Here is the list of installed Python modules in the virtual environment that are different from the global ones:

mod venv global
altgraph 0.17.2 0.17
backports.zoneinfo 0.2.1 n/a
cffi 1.15.0 1.14.0
click 8.0.3 n/a
colorama 0.4.4 0.4.3
cryptography 35.0.0 3.3.1
macholib 1.15.2 1.15
msgpack 1.0.2 0.6.2
openpyxl 3.0.9 3.0.7
pefile 2021.9.3 2019.4.18
Pillow 8.4.0 8.2.0
pkg-resources 0.0.0 n/a
py7zr 0.16.2 0.16.1
pycryptodome 3.11.0 3.10.1
pycryptodomex 3.11.0 3.10.1
pyppmd 0.17.1 0.16.1
python-magic 0.4.24 0.4.18
pytz-deprecation-shim 0.1.0.post0 n/a
pyzstd 0.15.0 0.14.4
setuptools 44.0.0 45.2.0
six 1.16.0 1.15.0
texttable 1.6.4 1.6.2
toml 0.10.2 0.10.1
tzdata 2021.5 n/a
tzlocal 4.0.1 2.1
wheel 0.37.0 0.36.2
xdis 5.0.4 5.0.11

The problem turned out to be msgpack. My outdated version 0.6.2 did this:

>>> data = {"x": b"FOO"}
>>> unpacker.feed( msgpack.packb(data) )
>>> item = next(unpacker)
>>> item
{b'x': b'FOO'}

After upgrading everything works. Maybe you could set a version requirement msgpack >= 1.0.0?
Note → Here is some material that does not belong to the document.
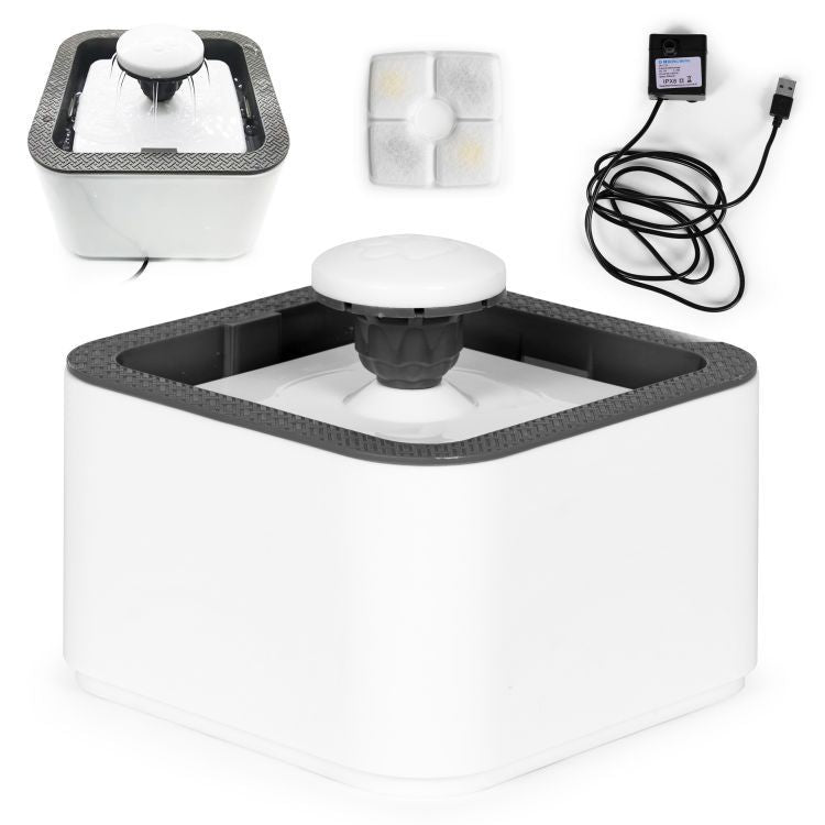 Praktische en eenvoudig te reinigen drinkbak met fontein voor je huisdier. Inclusief USB-aansluiting voor gemakkelijke stroomvoorziening.

huettenhain commented 2 years ago

Ah, awesome, thank you so much for already figuring this out! You're right, adding a version requirement for msgpack is a good idea.

huettenhain commented 2 years ago

Do you think that 1cc7141 is sufficient to close this out? I should again stress I appreciate the work you put into tracking down the issue.

baderj commented 2 years ago

Yes, thank you very much, that solves the problem. To test, I went back to the older, buggy version of msgpack and then reinstalled binary-refinery from 1cc714184d98ac4ad4ca95e366f27b03ec6b64de . As expected, that did upgrade msgpack to the latest version and everything works.